> **Dataset**
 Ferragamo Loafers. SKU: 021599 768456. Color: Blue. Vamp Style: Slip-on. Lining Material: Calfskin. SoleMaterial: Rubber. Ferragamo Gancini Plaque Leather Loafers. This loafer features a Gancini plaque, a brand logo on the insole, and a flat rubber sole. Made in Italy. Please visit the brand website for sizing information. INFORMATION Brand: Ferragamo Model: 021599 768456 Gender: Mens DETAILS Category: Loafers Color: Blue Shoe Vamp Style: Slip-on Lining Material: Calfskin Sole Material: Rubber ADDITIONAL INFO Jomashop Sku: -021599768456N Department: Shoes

* * *

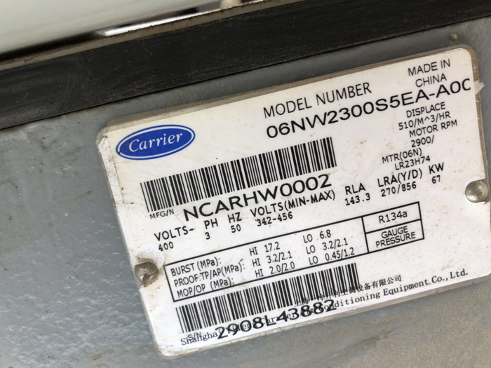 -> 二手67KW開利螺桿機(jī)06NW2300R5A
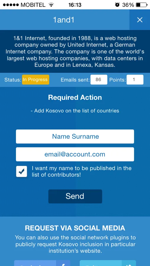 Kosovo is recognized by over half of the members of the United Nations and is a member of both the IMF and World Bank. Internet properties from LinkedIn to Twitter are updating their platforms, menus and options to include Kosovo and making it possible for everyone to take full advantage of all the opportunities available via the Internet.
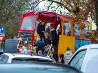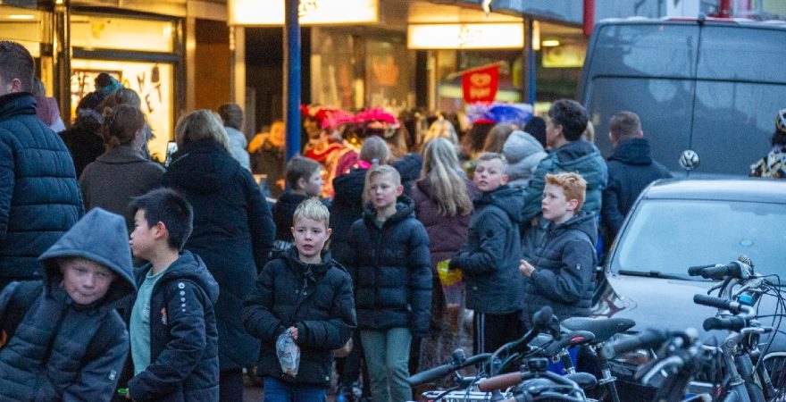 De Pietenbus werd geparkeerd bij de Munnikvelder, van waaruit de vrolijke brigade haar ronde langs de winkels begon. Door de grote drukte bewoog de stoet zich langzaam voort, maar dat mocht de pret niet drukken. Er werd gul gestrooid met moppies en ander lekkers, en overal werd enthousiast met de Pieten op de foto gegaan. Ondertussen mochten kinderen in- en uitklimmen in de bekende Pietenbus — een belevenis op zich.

* * *

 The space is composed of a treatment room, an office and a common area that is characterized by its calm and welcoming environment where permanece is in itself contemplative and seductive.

> **Instructions for the task**
Reproduce exactly the lines above starting at the line containing "-> 二手67KW開利螺桿機(jī)06NW2300R5A" and ending at the line containing "De Pietenbus werd", including both, but not the pictures.

> **Task output**
 -> 二手67KW開利螺桿機(jī)06NW2300R5A
 Kosovo is recognized by over half of the members of the United Nations and is a member of both the IMF and World Bank. Internet properties from LinkedIn to Twitter are updating their platforms, menus and options to include Kosovo and making it possible for everyone to take full advantage of all the opportunities available via the Internet.
 De Pietenbus werd geparkeerd bij de Munnikvelder, van waaruit de vrolijke brigade haar ronde langs de winkels begon. Door de grote drukte bewoog de stoet zich langzaam voort, maar dat mocht de pret niet drukken. Er werd gul gestrooid met moppies en ander lekkers, en overal werd enthousiast met de Pieten op de foto gegaan. Ondertussen mochten kinderen in- en uitklimmen in de bekende Pietenbus — een belevenis op zich.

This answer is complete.